Microsoft Corp. and Yahoo Inc.'s move to make their instant messaging programs work together comes just as the popular communications tool is beginning to expand into such fields as video chatting and Internet telephone functions.

But for now at least, the two companies said their partnership announced Wednesday will focus on traditional instant messaging, allowing people with either system to send lightning-fast messages to each other. That is expected to be in place by June 2006.

Eventually, the companies said, they hope to be able to let users make computer-to-computer phone calls as well, but they couldn't say when that would happen.

The partnership could give the companies more power to compete against market leader America Online and perhaps dark horse Google Inc., which launched its own service, Google Talk, in September. In the long run, it may also provide a way to battle companies like Skype Technologies SA, the Internet phone provider being acquired by eBay Inc.

Yahoo Chief Executive Terry Semel called it "a turning point for the IM industry," which has taken years to work out ways for users of rival services to connect to each other.

The companies did not disclose financial terms.

The Yahoo-Microsoft partnership gives the companies nearly as many U.S. users combined as AOL has in total.

Analysts said the move could put pressure on Time Warner Inc.'s AOL, the most popular service.

"Up until now, AOL has been able to pick and choose its partners, command the royalties it wants," said Robert Mahowald, an analyst with research firm IDC. "They've moved to develop this market at their own pace. This forces them to take a more aggressive stance."

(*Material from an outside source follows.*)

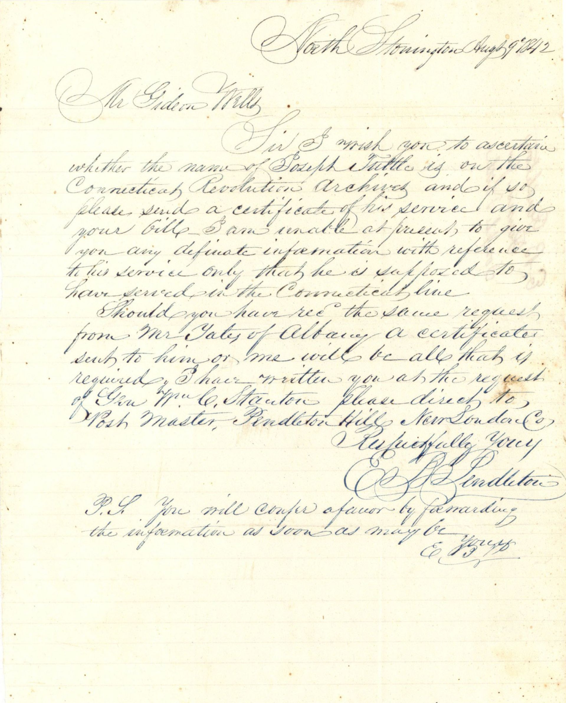 Handwritten letter verifying the service of Joseph Tuttle in the Connecticut Revolution. Requested by Gen'l Wm. C. Stanton. Stonington, Connecticut.

AOL's instant-messaging product, AIM, had 51.5 million unique U.S. users in September, compared with about 27.3 million for MSN Messenger and 21.9 million for Yahoo's Messenger, according to Nielsen/NetRatings.

Instant-messaging services are popular with business users, teens and others because they let people communicate quickly and easily over the Internet, much like a regular conversation. The systems are only expected to grow more popular as they add more sophisticated tools, such as the ability to place calls or have video chats.

Other instant messaging products, such as Trillian, allow people to send and receive messages from multiple IM services.

But none of the top instant messaging systems have communicated directly with each other until now, though promises of "interoperability" have been made for some time. Yahoo, based in Sunnyvale, Calif., and Redmond, Wash.-based Microsoft said that it's one of the top things customers ask for.

Dan Rosensweig, chief operating officer with Yahoo, said in a conference call with analysts and journalists that the deal is the culmination of discussions that have been ongoing "for years."

"IM interoperability is the right thing for our customers, our businesses and the industry as a whole, and Microsoft is delighted to help lead these efforts with Yahoo," Microsoft Chief Executive Steve Ballmer said in the release.

Microsoft has long sought to forge some sort of deal to boost the profile of MSN Messenger. The company also has been in talks with AOL over possible partnerships with Microsoft's MSN online unit, although it's not clear where those talks stand now. Blake Irving, corporate vice president with MSN, would not comment Wednesday on any possible discussions with AOL.

"I think what's really pushing this is Microsoft's ability to see that it's long been playing cat and mouse with AIM and ICQ (another AOL instant messaging service)," Mahowald said. "Microsoft needs to stake its presence in a big way."

Microsoft already has a product that lets business users send and receive messages from Yahoo, AOL and Microsoft's instant messaging systems, but the product does not extend to general consumers.